Here is a breakdown of the current setup and how the data might swing the needle for BTC.
1. The Macro Setup: Low Hire, Low Fire
The U.S. labor market has entered a phase described by analysts as "low hire, low fire."
Expectations: The market expects a modest increase of 60K jobs (down from 64K in November).
Unemployment: Forecasted to edge lower to 4.5% (from 4.6%).
Wages: Average hourly earnings are expected to rise by 0.3% month-on-month, which keeps inflation concerns alive.
2. The Fed Factor
Investors are currently pricing in a low chance (under 15%) of a rate cut at the January meeting, but a much higher chance (~45%) for March.
A "Weak" Print (< 40K): Could force the Fed’s hand to be more dovish, potentially raising the odds of a March cut. This is generally bullish for BTC as liquidity expectations rise.
A "Strong" Print (> 80K): Might suggest the economy is too hot for immediate cuts, strengthening the USD and putting downward pressure on BTC.
3. Bitcoin (BTC) Technicals & Sentiment
Bitcoin has been consolidating near the $90.5K–$91K range after failing to break the psychological $95K barrier earlier this week.

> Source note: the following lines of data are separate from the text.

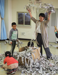 今回は、新聞紙を活用して遊ぶ企画。昔ながらの紙鉄砲を作って大きな音を鳴らしたり、かぶとや剣を作ったり、細く裂いた新聞紙で「新聞風呂」を作ってその中に埋もれたり。子どもたちは大人の助けを借りて、思い思いの遊びを楽しんだ。中には、足元に敷いた新聞紙をジャンケンで負けるたびに半分に折っていき、足がはみ出したら負けというゲームを自主的に始める子どもたちの姿も。
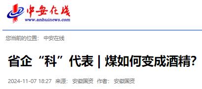 《中安在線》:省企“科”代表 | 煤如何變成酒精?
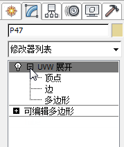 - 打开“编辑 UVW”对话框工具栏右侧的下拉列表,然后选择“贴图 #8”(p47_tex.jpg)”项(贴图编号可能有所不同)。
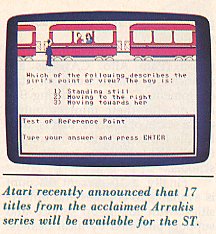 Atari recently announced a marketing agreement with Montreal-based Arrakis, publisher of the Advantage series of educational software. ST versions of these programs, which have in the past been available for Apple, Commodore, and IBM, should be ready by the end of the year. The Arrakis series is known for its impressive graphics and cartoon-like animation, as well as a sophisticated parser which incorporates principles of artificial intelligence and provides direct answers to students' questions.
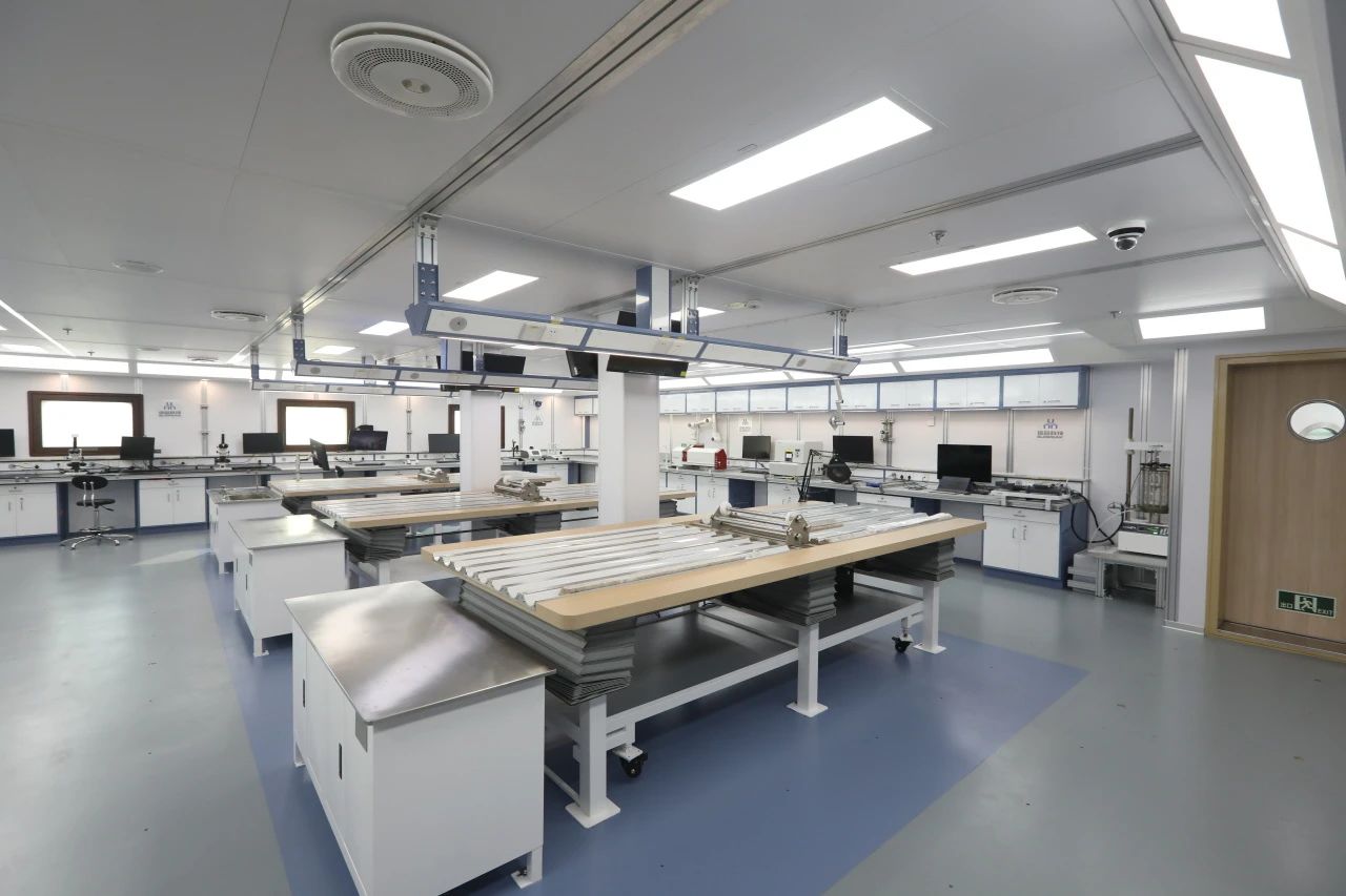 “夢想”號大洋鉆探船建有海洋領(lǐng)域全學(xué)科船載實(shí)驗(yàn)室,涵蓋九大實(shí)驗(yàn)功能,并配置船載巖心自動傳輸存儲系統(tǒng)。

Below Consensus (< 50K)Bullish:
Confirms cooling labor market; BTC may attempt a breakout toward $95K again.
At Consensus (60K–70K)
Neutral/Choppy: Market focus may shift to wage growth or the Supreme Court's tariff ruling.
Above Consensus (> 80K)
Bearish: USD strength returns; BTC could test support at the 50-day SMA around $89.1K.
The "Wild Card"
While NFP is the main economic driver, keep an eye on the U.S. Supreme Court. A ruling on the legality of President Trump's tariffs is also expected today. A rejection of the tariffs could trigger a relief rally in risk assets, while an approval might introduce new volatility that competes with the NFP data for market attention.